Почти все они были здешними, саратовскими, жили с матерями или свекровями, им носили передачи, иногда и Нине кое-что перепадало: пара вареных картофелин, ломкий ржаной блин, головка лука, а Октябрина раз изловчилась достать одежду, сбегала домой, притащила кастрюлю квашеной капусты. Нина видела, что этим женщинам в семье живется легче, чем ей, но не завидовала: у каждого — своя судьба.

— А золовка, пока я тот раз в больнице лежала, туфли мои носила, все набойки сбила.

— А я масло. со всех сторон крестом пометила, после смотрю, креста нет, брала она масло…

Нина удивлялась, как могут они говорить о таких пустяках, волноваться из-за них — да разве какие-то там туфли или масло главное в жизни? Она теперь-то знала, чем проверяется жизнь и что в ней самое страшное: крик голодающего ребенка, которого нечем накормить.

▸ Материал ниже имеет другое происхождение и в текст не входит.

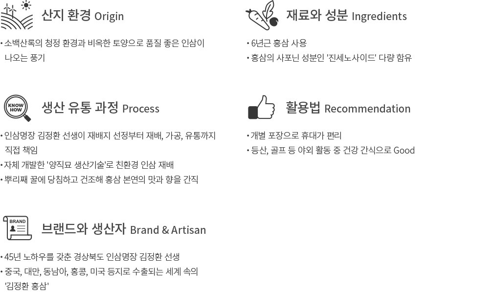 일교차가 크고 서늘한 기후와 배수가 잘 되는 토질을 갖춘 풍기는 인삼 재배를 위한 환경적 조건이 탁월해요. 재배 방법의 경우 풍기 인삼을 대표하는 김정환 홍삼은 우선 평탄지나 완경사지를 선정해 배수가 더욱 잘 되도록 합니다. 또 비옥한 토질을 유지하기 위해 한번 사용한 토양은 2년간의 휴지기를 갖게 되는데요. 이 기간 동안 인삼 밭의 거름으로 사용되는 수단그라스를 심어 땅에 양분을 공급합니다. 이러한 조건에서 자라난 풍기 인삼은 향이 강하고, 육질도 단단하죠.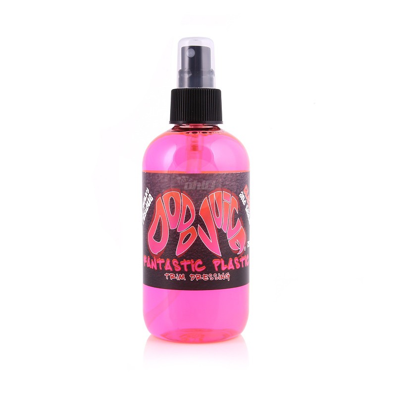 Dodo Juice Fantastic Plastic oživuje a obnovuje interiérové i exteriérové plasty. Zanechává povrch suchý, nelepivý a s přirozeným vzhledem. Po nanesení je povrch mírně lesklý, pokud chcete dosáhnout matnějšího efektu, rozleštěte povrch mikrovláknovou utěrkou. Efekt vydrží i několik měsíců, balení 250 ml vám tedy vystačí na dlouhou dobu. Plasty chrání před UV zářením a vyblednutím, mírně odpuzuje nečistoty a navíc skvěle voní po višních.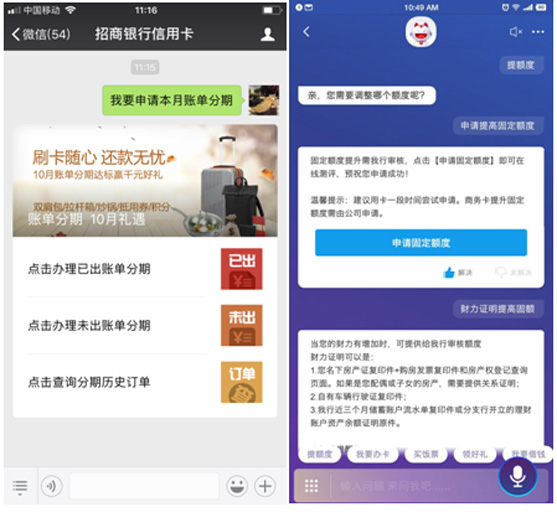 追一科技的智能机器人,在招商银行信用卡微信、手机QQ、App等多渠道落地服务,准确率超95%。同时,依托深度学习等技术,实现后台的手工模板运维向机器监督学习的自动化运维升级。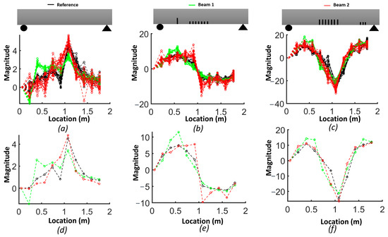 Due to the sensitivity of the second derivative to noise, it is desirable to filter noise prior to its evaluation. For this purpose, each mode shape was smoothed locally with cubic smoothing splines. Figure 14 compares the first, second and third smoothed mode shapes of beam #1 and beam #2 with respect to the corresponding mode shapes of the reference beam. Notably, the first mode shapes for beams #1 and beam #2 exhibited a shift toward the side where a crack was present in the shear zone. The results for the slope of the smoothed first mode shapes show an improved correlation with the presence of cracks (Figure 15). A comparison between Figure 12 and Figure 14, as well as between Figure 13 and Figure 16, highlights the effectiveness of the proposed smoothing methods in reducing the effect of noise on the mode shapes, slopes (Figure 15) and curvature. The unsmoothed mode shapes reveal an increasing degree of variability with higher mode shapes, and this variability was further amplified for slopes and curvature, significantly impacting the detectability of defects. The results for the curvature of the smoothed mode shapes indicate enhanced detection of cracks located in the middle of the beams for the first and third mode shapes. Detection of the preformed crack of beam #1 was improved for the second mode. For beam #1, the increased curvature observed in the second and third modes on the left side was a result of a single crack located 50 cm from the left support. Additionally, the larger curvature in the middle of the third mode can be associated with damage in the middle. For beam #2, the bigger curvature values of the first and third modes in the middle section were due to damaged zones.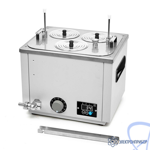 Универсальная баня ЛБ32 оснащена легко извлекаемой корзиной с подвижным дном для размещения лабораторной посуды различного размера и стальными концентрическими кольцами для ее уплотнения.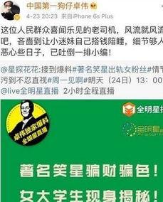 那天,阳光明媚,网友们正沉浸在美好的周末时光中。突然,一则爆炸性新闻在网络上迅速传播开来——卓伟曝光了赵四的视频!视频中,赵四的形象大打折扣,这让许多粉丝和观众感到震惊。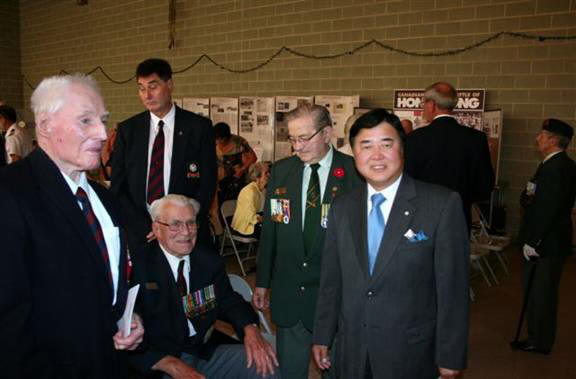 Lieutenant Governor Philip Lee attended the 66th Anniversary of Victory over Japan (VJ Day) with Bill Bell (Left) and George Peterson (seated) – Hong Kong Veterans.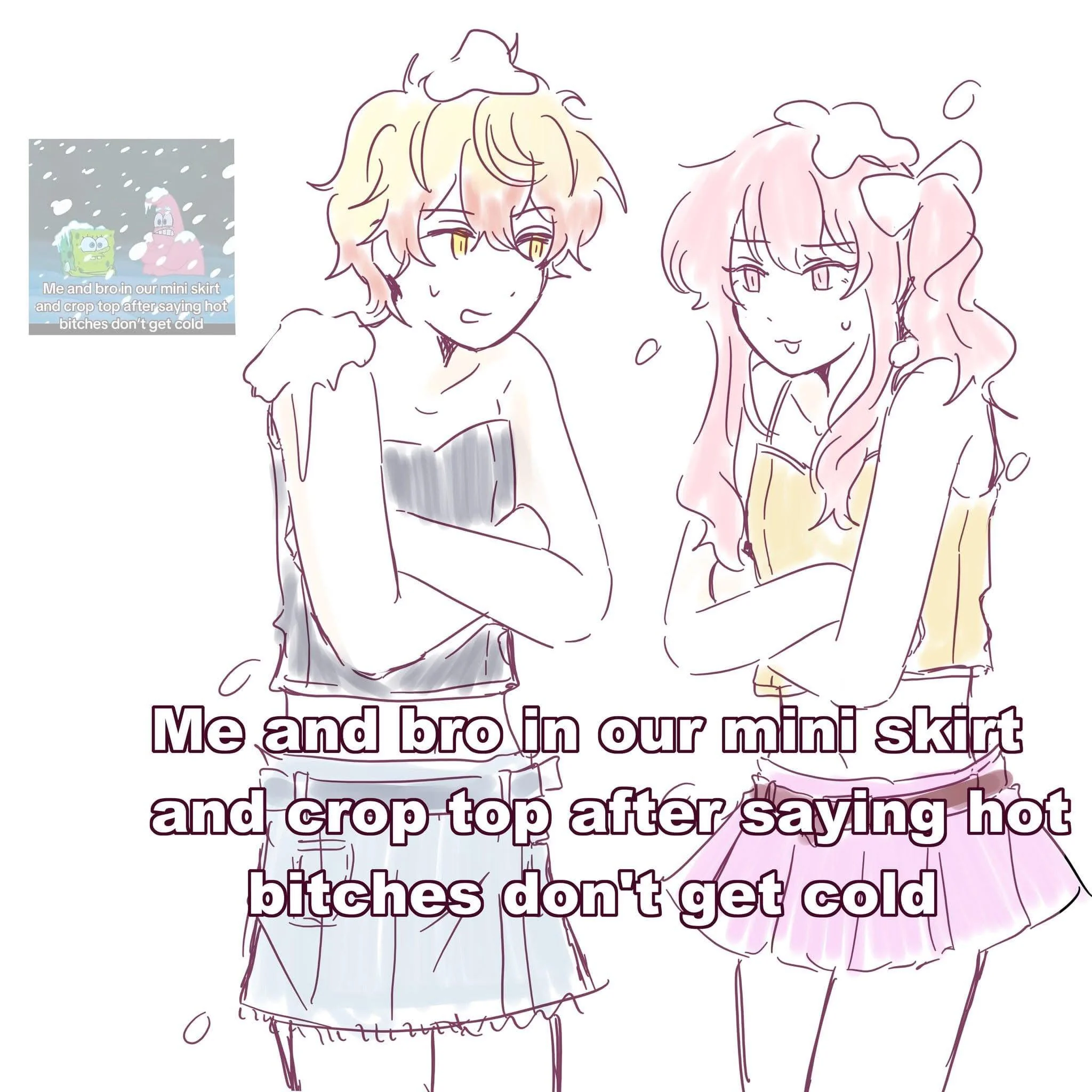 Apraksts: "Me and bro in our mini skirt and crop top after saying hot bitches don't get cold"

А потом поняла, что и у этих женщин судьба нелегкая. Тоненькая, похожая на цыганку Галя рассказывала: как получила похоронку на мужа, так и молоко пропало, ребенок стал желудком болеть, вот и не вылазят из больниц. Ночами она часто просыпалась, говорила соседкам:

— Кажду ночь вижу, что он нянчит Славика, а ведь он и не видел его… Не унес бы с собой…

Рина-Октябрина жаловалась на скандалы с пьяницей-свекром — орет, крушит все, ребенка пугает.

— Как-нибудь зарублю его топором на фиг!

Они часто плакали, одна начнет, другие подхватят, плакали дружно и как-то даже сладко — так плачут старухи в церкви. Нина вспомнила, как на первом курсе бегали с девчонками в Елоховскую церковь, там на пасхальной службе пел знаменитый тенор, а старухи плакали так сладко и самозабвенно, что и девчонки расплакались.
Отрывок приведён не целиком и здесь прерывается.